The task is to find out how many positive integers divide at least one of the given numbers: $10^{60}$, $20^{50}$, $30^{40}$. This is easily calculated using the inclusion-exclusion principle.
First, we have to figure out the form of divisors for each of these numbers.
$10^{60}=(2\cdot5)^{60}=2^{60}\cdot5^{60}$, which means divisors of this number are of form $2^{i}\cdot5^{j}$ where $0\le{i},j\le{60}$
$20^{50}=(2\cdot2\cdot5)^{50}=2^{2\cdot50}\cdot5^{50}$, divisors: $2^{2\cdot{i}}\cdot5^{j}$ where $0\le{i},j\le{50}$
$30^{40}=(2\cdot3\cdot5)^{40}=2^{40}\cdot3^{40}\cdot5^{40}$, divisors: $2^{i}\cdot3^{j}\cdot5^{k}$ where $0\le{i},{j},{k}\le{40}$
Number of divisiors of form $2^{i}\cdot5^{j}$ where $0\le{i},j\le{60}$ equals $61\cdot61$, because we have 61 combinations for both $i$ and $j$. Following this logic, number of divisiors of form $2^{2\cdot{i}}\cdot5^{j}$ where $0\le{i},j\le{50}$ should be $51\cdot51$, because we have 51 choices for $i$ and $j$. But, the solution I read said the number of these divisors is $101\cdot51$. I feel like this has something to do with $2^{2\cdot{i}}$, although this equals to $4^{i}$ and shouldn't change anything.
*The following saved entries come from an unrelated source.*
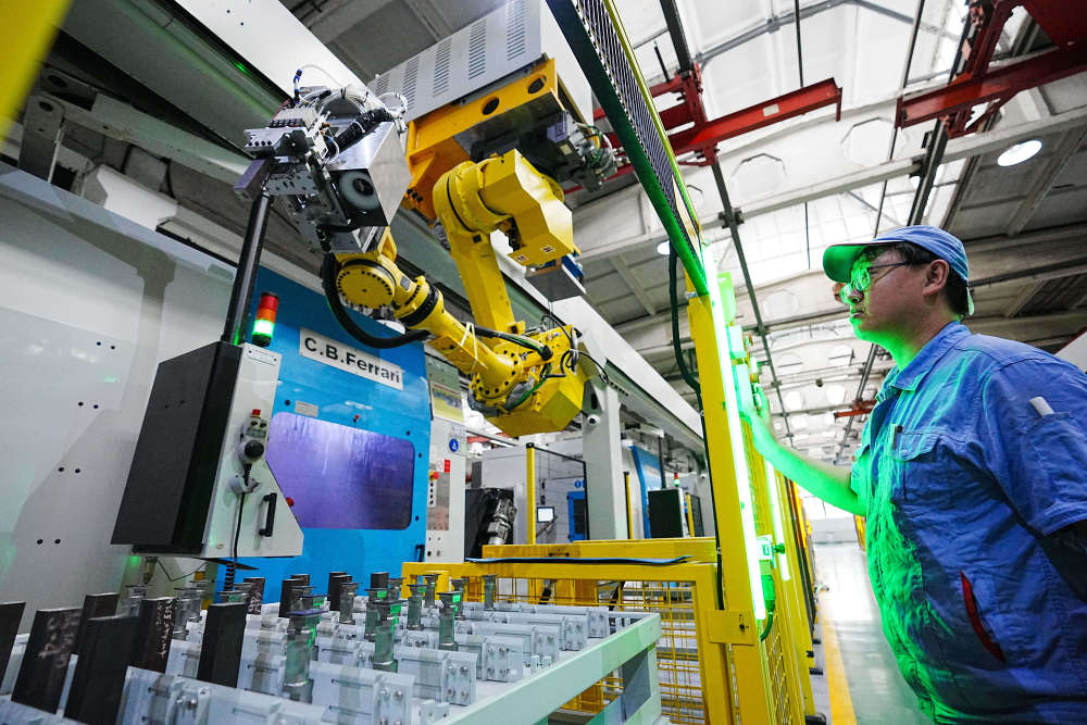 7月23日,在哈電集團(tuán)哈爾濱汽輪機(jī)廠有限責(zé)任公司葉片加工智能化車(chē)間,工作人員在觀察智能機(jī)械臂運(yùn)行情況。近年來(lái),東北三省加大力度推進(jìn)傳統(tǒng)制造業(yè)數(shù)字化改造,依靠科技創(chuàng)新“第一動(dòng)力”,聚焦“卡脖子”領(lǐng)域,讓傳統(tǒng)產(chǎn)業(yè)增“智”提“質(zhì)”。(新華社記者 王建威 攝)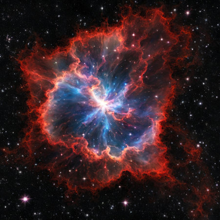 Vibrant red and orange nebula with scattered stars in the dark space.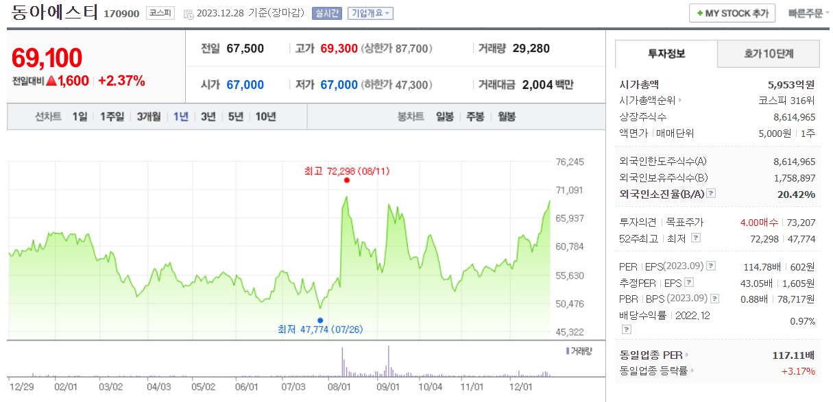 이 글에서는 동아에스티 주가 전망과 목표 주가, 기업 정보에 대해서 설명합니다. 주식 시장에서 중요한 것은 미래의 기업 가치를 예측하고 선제적으로 움직이는 것입니다. 투자 대상을 선택하기 전에 현재 기업의 현황과 데이터를 확인하는 것이 필요합니다. 동아에스티 주식의 주요 현황과 투자 정보를 확인하시고 주식 투자에 도움을 줄 자료들을 모아 두었으니 투자 결정에 도움을 받으시길 바랍니다..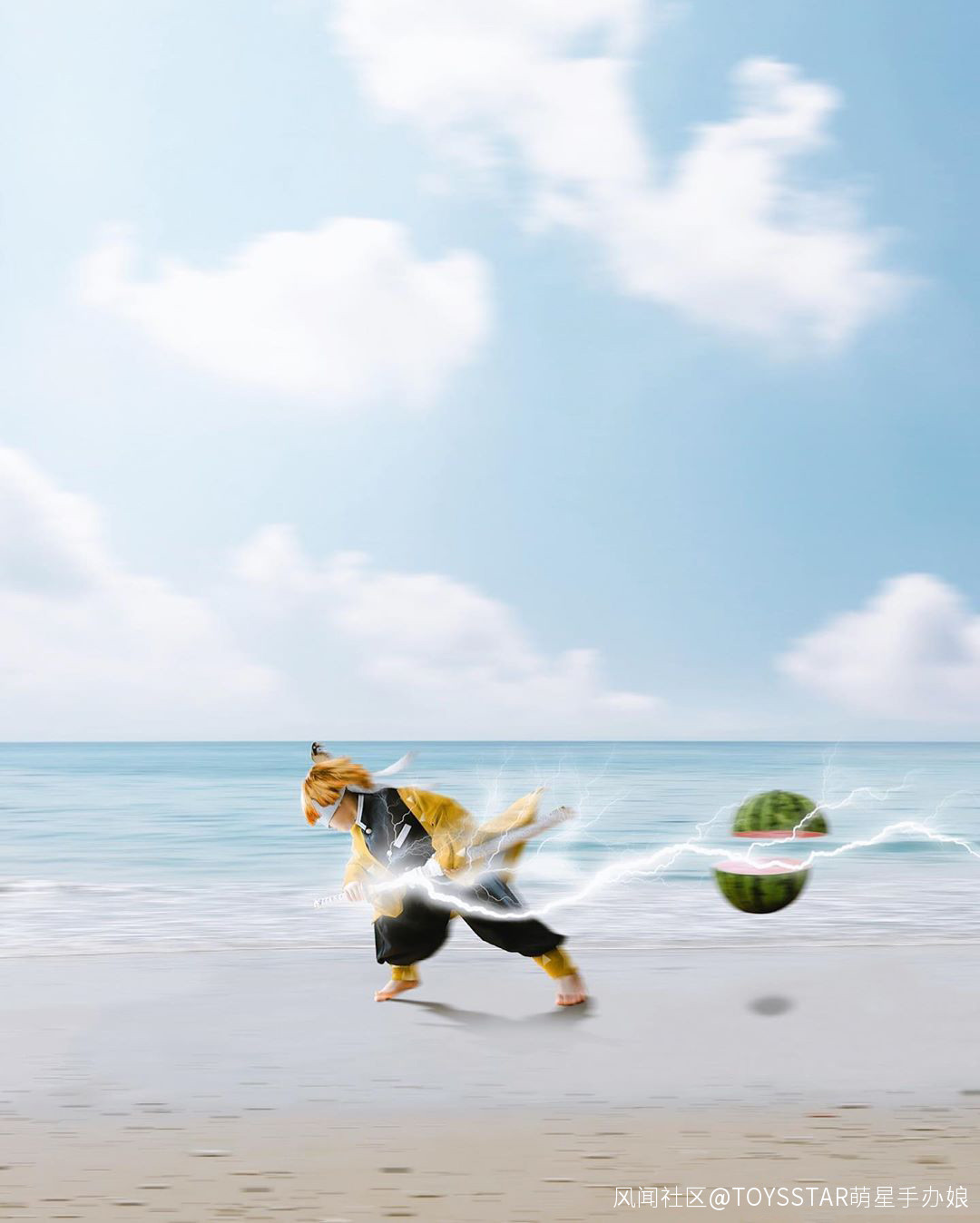 這張我感覺太帥了呢,我妻善逸 使用雷之呼吸,讓西瓜橫切成兩半,那一往無前的姿勢,太酷了,但是我發現,網友特別喜歡將西瓜或切或劈或吃,是因為喜歡吃西瓜嗎?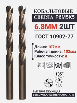 Сверла по металлу 6.8 мм. Р6М5К5. Набор 2 шт. Кобальтовые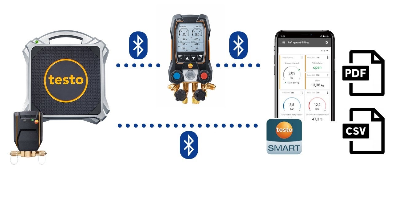 - 対応モデル: モバイルアプリ testo Smart (Android / iOS)、デジタルマニホールド testo 557s / 550s、旧デジタルマニホールド testo 557 / 550 (Bluetooth搭載モデル)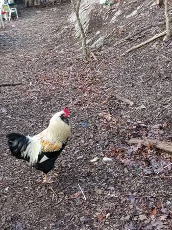 Tame chickens hand-raised for adoption. The hens also lay eggs so watch out, your dog may get fat eating eggs it finds. We put a cage up on a big sill in our sunroom and one lays her eggs in it so the dog can't get them. Our chickens live outside in a coop and most are under a year old.
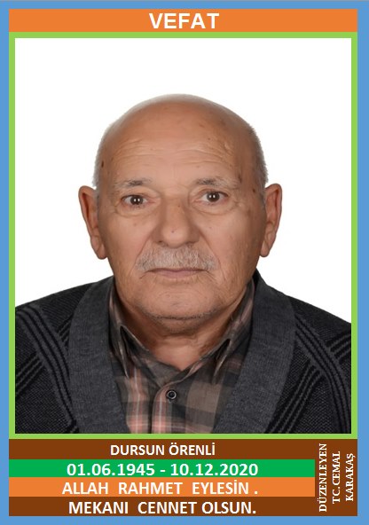 YENİCE TIR KÖYÜ NÜFUSUNA KAYITLI OLUP, TİR KÖYÜ YENİ KÜME EVLERİ NO: 87A/2’DE İKAMET EDEN MERHUM ABDULLAH ve MERHUME ZELİHA OĞLU, SAADET ÖRENLİ EŞİ, ALMANYA EMEKLİSİ DURSUN ÖRENLİ (01.06.1945 DOĞUMLU) HAKKIN RAHMETİNE KAVUŞMUŞTUR. CENAZESİ (11.12.2020 CUMA GÜNÜ) TİR KÖYÜ GÜNEY İLKÖĞRETİM OKULU ÖNÜNDE SAAT: 13.30’DA KILINACAK CENAZE NAMAZINDAN SONRA SON YOLCULUĞUNA UĞURLANACAKTIR. EŞİ SAADET ÖRENLİ, ÇOCUKLARI MURAT ÖRENLİ, FEDİME KAHVECİ, GÜLSÜN KARABASAN, TÜRKAN USLUBAŞ, DAMATLARI İSMAİL KAHVECİ, MUSTAFA KAHVECİ, ŞADAN USLUBAŞ. ALLAH RAHMET EYLESİN. MEKANI CENNET OLSUN. GERİDE BIRAKTIĞI SEVENLERİNE VE AİLESİNE BAŞSAĞLIĞI VE SABIR DİLERİZ.
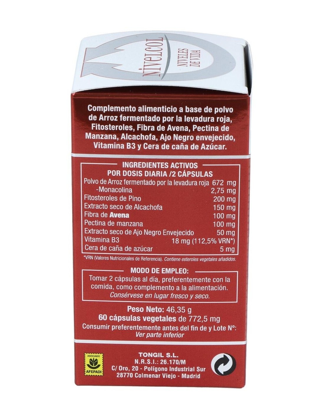 Polvo de arroz fermentado por la levadura roja, cápsula vegetal, fitosteroles de pino, polvo de alpiste, fibra de avena, pectina de manzana, extracto seco de alcachofa, extracto seco de bulbo de ajo negro envejecido, vitamina B3 (nicotinamida), antiaglomerante (dióxido de silicio), diluyente (maltodextrina), cera de caña de azúcar.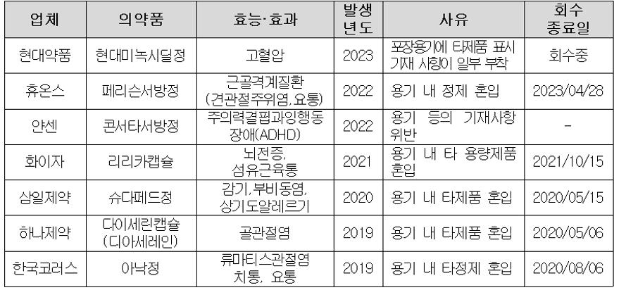 표 = 2019년도부터 2023년 6월까지 의약품 제품혼입사고(소비자주권시민회의 제공)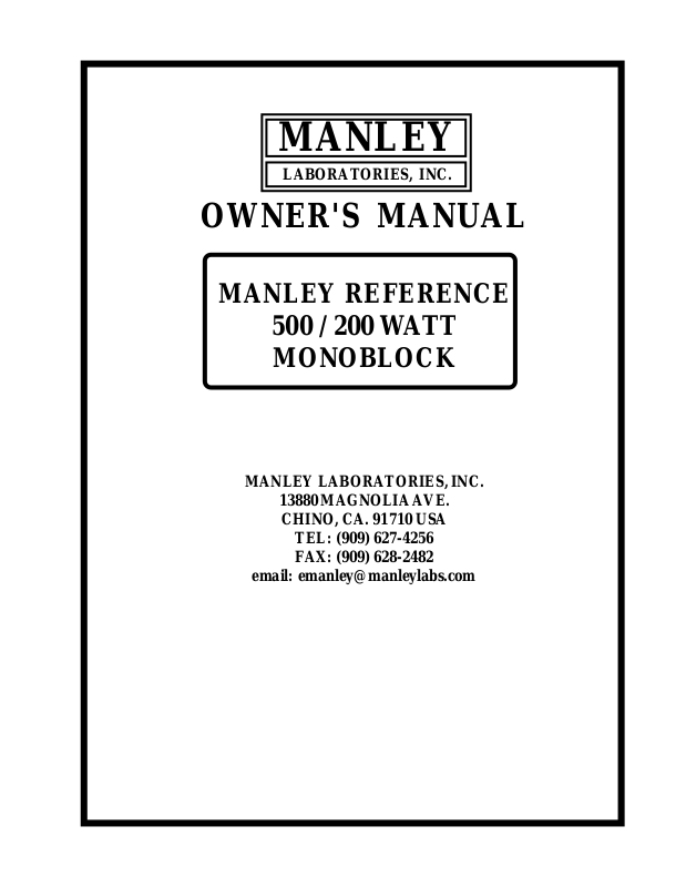 The MANLEY 500/200 is equipped with a SOFT-START circuit which lessens the initial stress the amplifier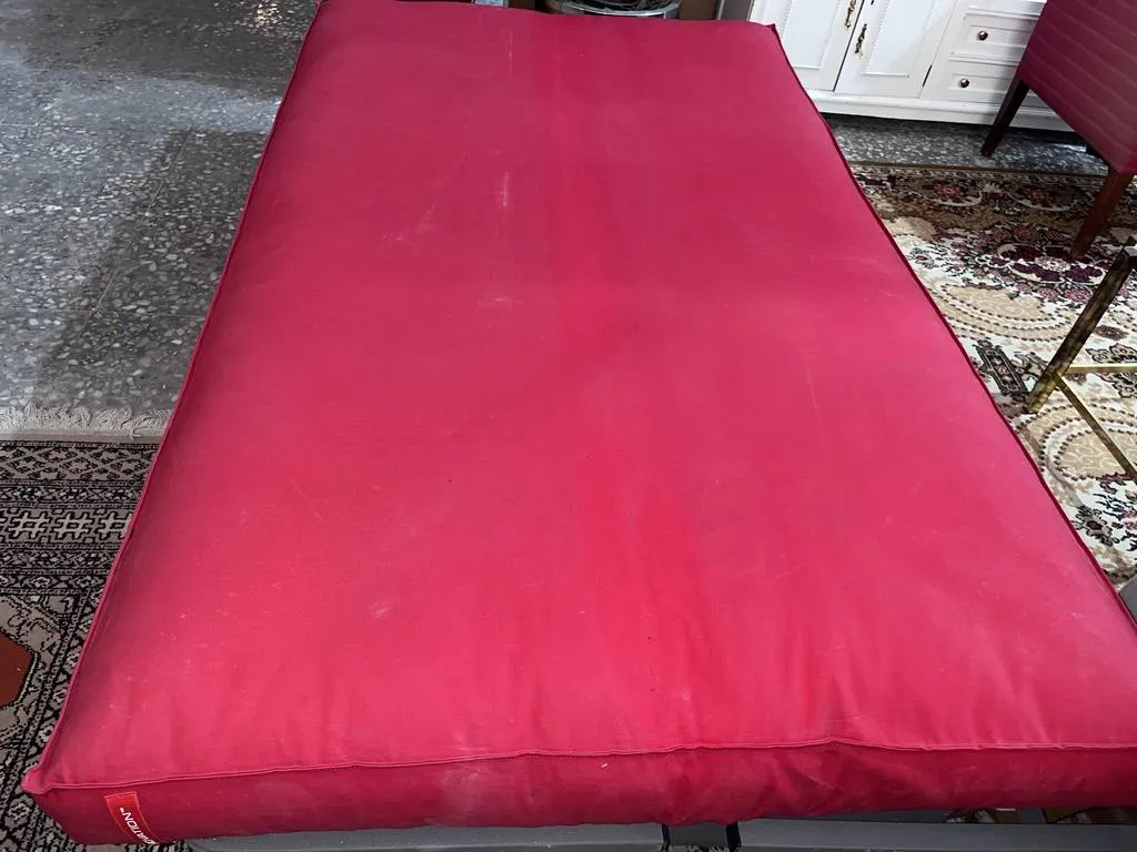 Sofá cama de grandes dimensiones. Se trata de un sofá de única pieza que es cómodo y acolchado con una tela suave y agradable al tacto. Su color lo hará resaltar en cualquier estancia. Se extiende a modo de libro convirtiéndose en una cama de 200x100cm. Es ideal para colocar en un salón comedor o habitación. Como podemos observar en las fotografías se encuentra en buenas condiciones.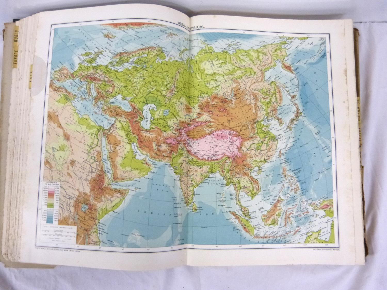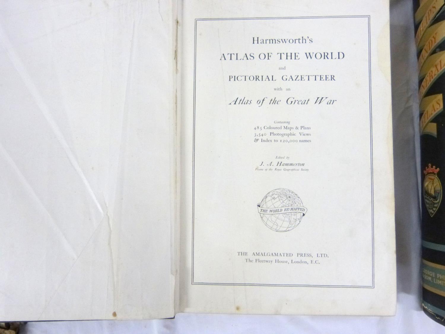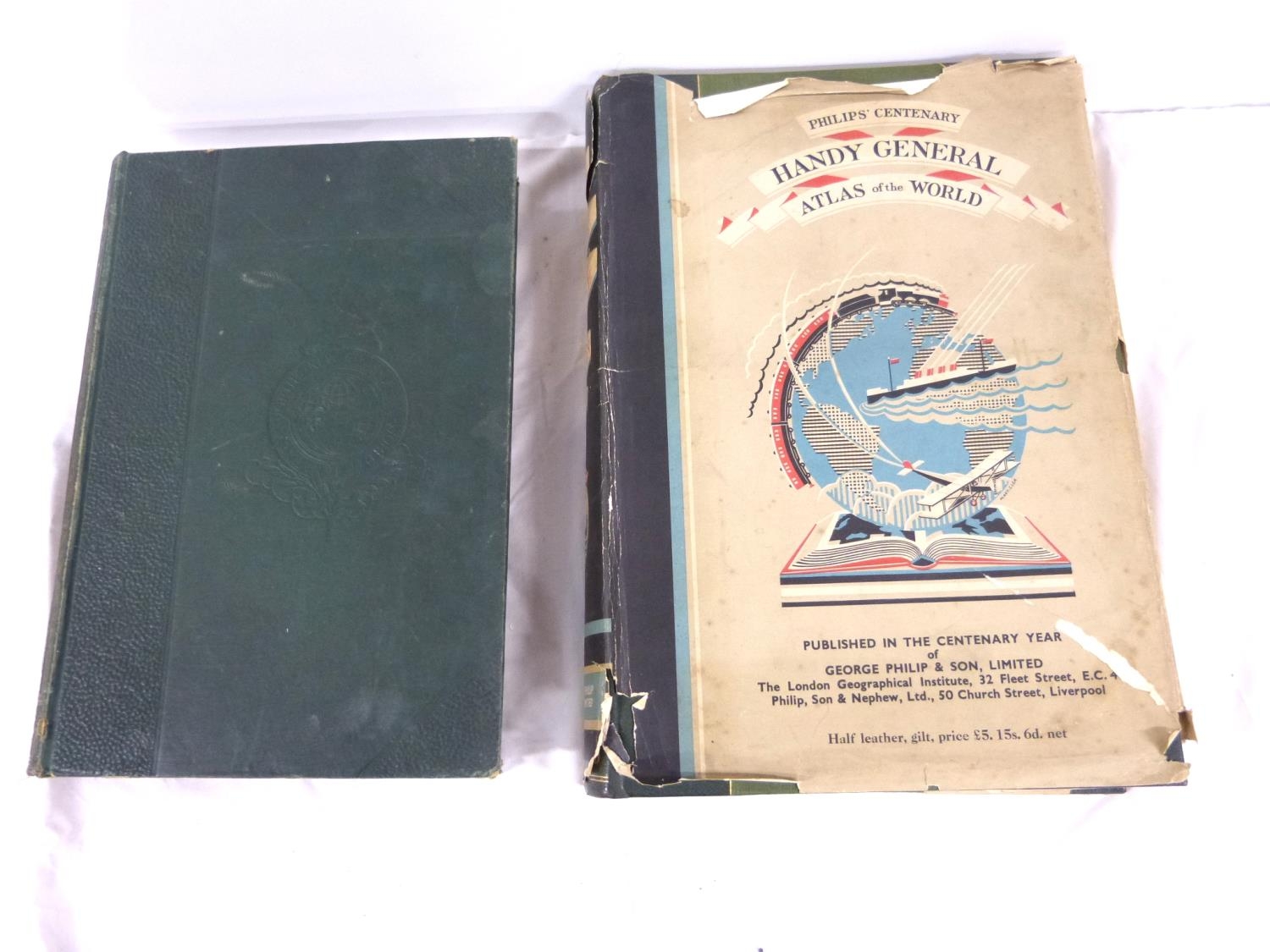 Two large atlases to include new atlas of the world and Phillips handy general atlas 1934.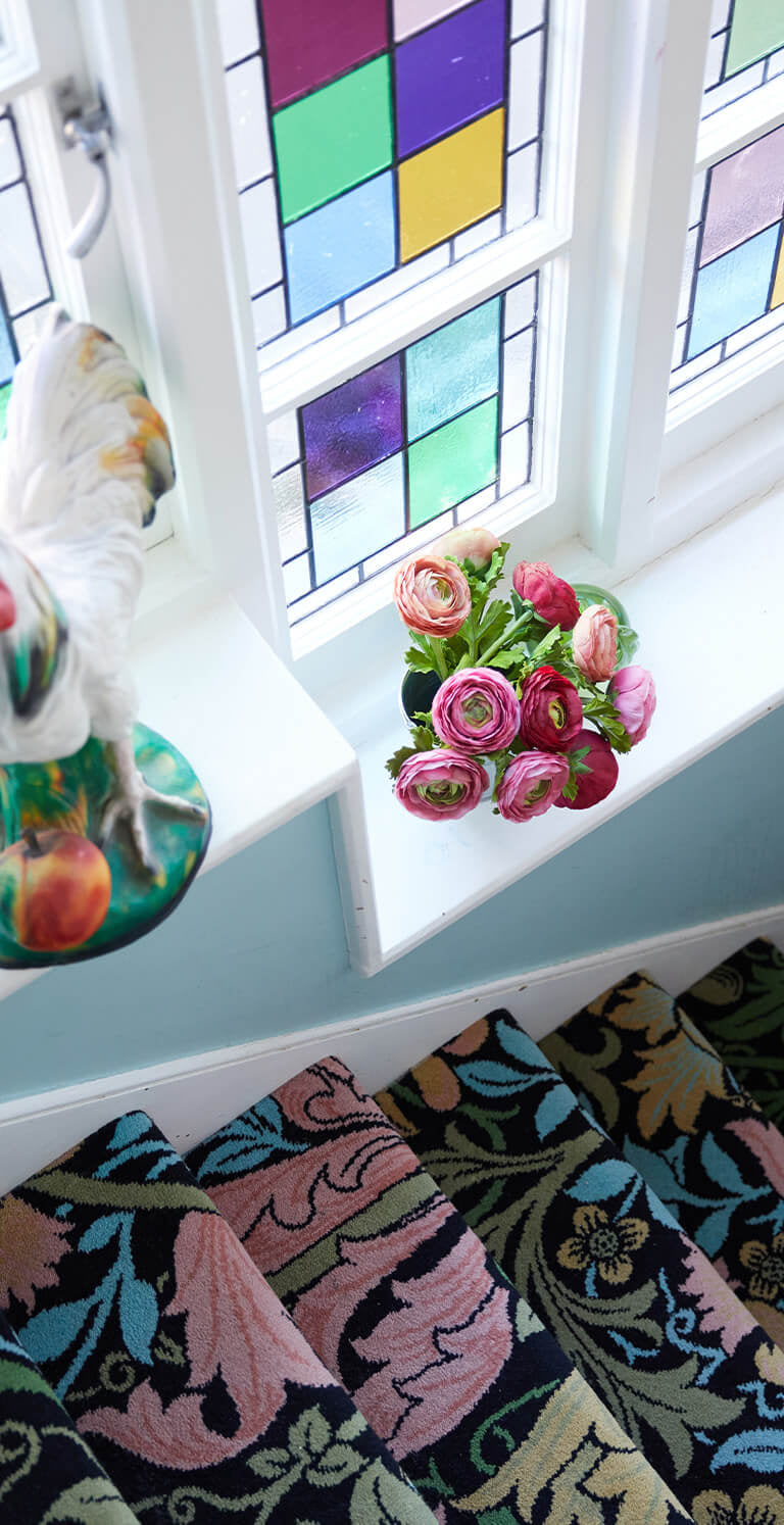 Sophie’s house was built as part of the Arts and Crafts movement so, honouring its history, she was inspired to bring in a touch of our House design hero, William Morris. A nod to the ARTEMIS wallpaper in her dining room, Sophie opted for the COMPTON carpet to dress her stairs. Originally created by Morris in 1896 for the interiors of Compton Hall in the West Midlands, intertwining tulips and poppies form a flowing pattern in this classic print, reimagined by House of Hackney in a palette of powder blue, pinks and greens against a backdrop of ‘Onyx’ black. Made in partnership with Royal warrant holding Axminster Carpets from responsibly sourced British wool, this luxurious flooring is sure to stand the test of time - even with 5 boys to contend with.

Could the solution be wrong?
Thank you in advance.
Note that $2^{2*50}=2^{100}$. Thus, there are $101$ such numbers of the form $2^j$ such that $0 \leq j \leq 100$. You reasoned about this the right way but got a little too caught up! The first and last problems behave similarly since their exponents were such that $i=j=k$.
Just to complete the problem: Using the reasoning you mentioned, we have that there are $101*51$ ways to make numbers of the form $2^j5^k$ such that $0\leq j \leq 100$ and $0 \leq k \leq 50$.